Mixed pteropods share the * * isomorphism of highly specialized spiny appendages, although there are significant differences among different genera. The morphological diversity of the mixed appendages of Xiushan pterodactyl is higher than previously thought. This is mainly reflected in the tattoo of foot strength and the relative length of each football with appendage III, the type of appendage II, the relative length of the distal thorn on each football with appendages IV and V, and Cox.
Up to now, the paleogeographic distribution of mixed pteropods (online in Figure S4) is very limited [5], [6], [7] and [8], and no examples of such animals have been found in Gondwana before.

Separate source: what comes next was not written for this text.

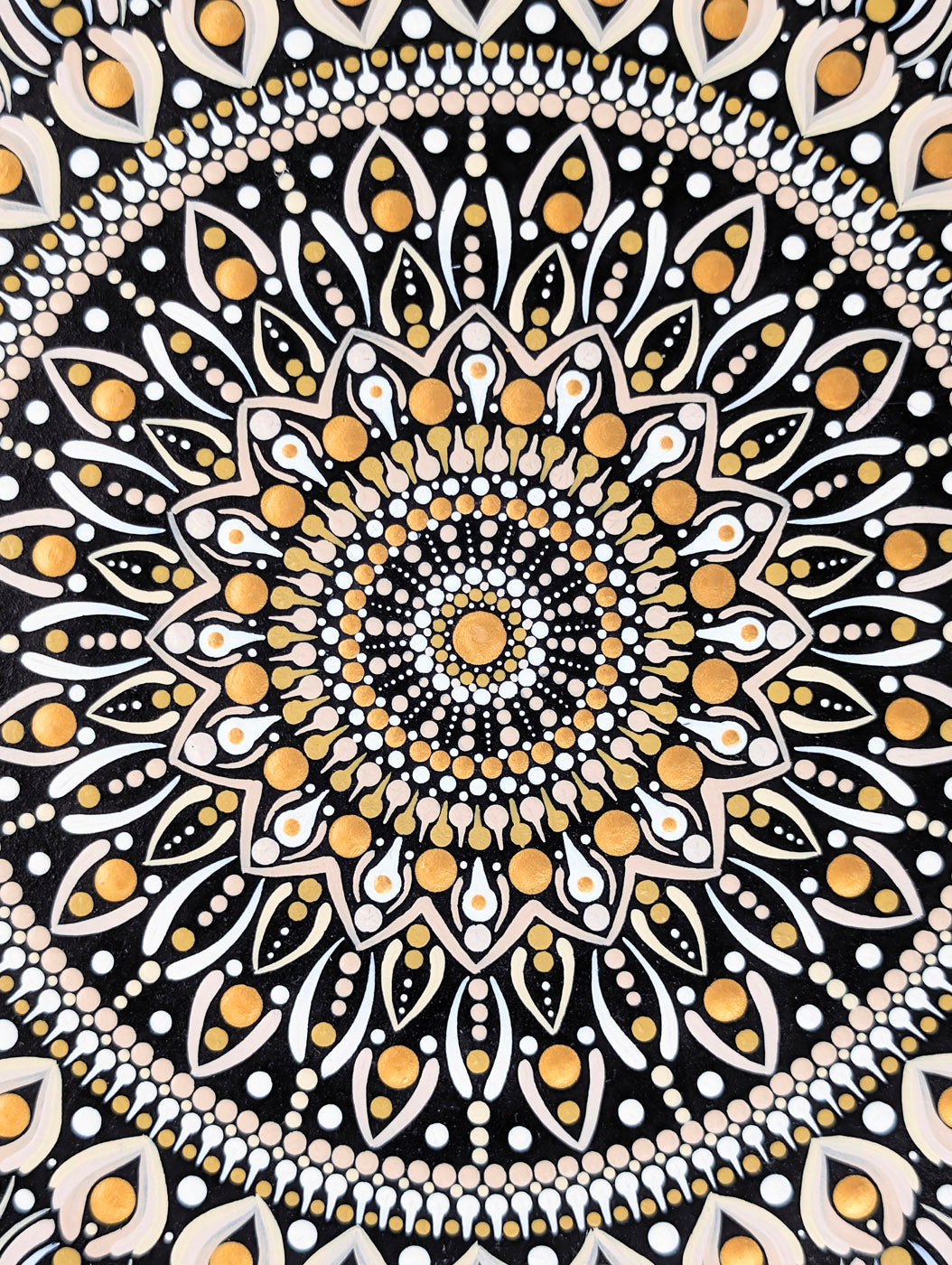 Il mandala è stato trattato in superfice con una vernice per renderlo resistente ai raggi UV, proteggerlo e non far ingiallire i colori. Sul retro è stato applicato un gancio per poterlo appendere con facilità.

Our first Gondwana mixed pterodactyl —— together with other platyptera from China and some undescribed specimens —— indicates that this group is biased by insufficient collection [15]. Future work, especially in Asia, may reveal that the distribution of mixed-winged insects and other wide-winged insects is more international.
This work has won the strategic focus of the research and development plan of China Academy of Sciences (XDB26000000), the National Natural Science Foundation (4 1972006, 4 1688 103), the Key Frontier Scientific Research Plan of China Academy of Sciences (QYZDB-SSWDQC040) and the State Key Laboratory of Paleontology and Stratigraphy. This is the contribution of Edmund A. Jazbowski's Levelhelme Emergency Fellowship. Thanks to the field investigation and phylogenetic analysis provided by Sun Zhixin (NIGPAS), the reconstruction map provided by NIGPAS, the scanning electron microscope scanning provided by Wang Chunchao and Yan Fang, the sample photos provided by Zong Ruiwei (China Geo University, Wuhan) and the constructive suggestions made by anonymous recommenders.
Wang Bo designed this project. Hanwang, Wang Bo and Gai Zhikun wrote the manuscript. Jason Dunlop and Edmund A. Jarzembowski revised the draft and contributed to the analysis. Gai Zhikun, Wang Han and Lei Xiaojie participated in the field work and provided specimens. Wang Han made a phylogenetic analysis and prepared a chart. Lei Xiaojie participated in data collection and discussion.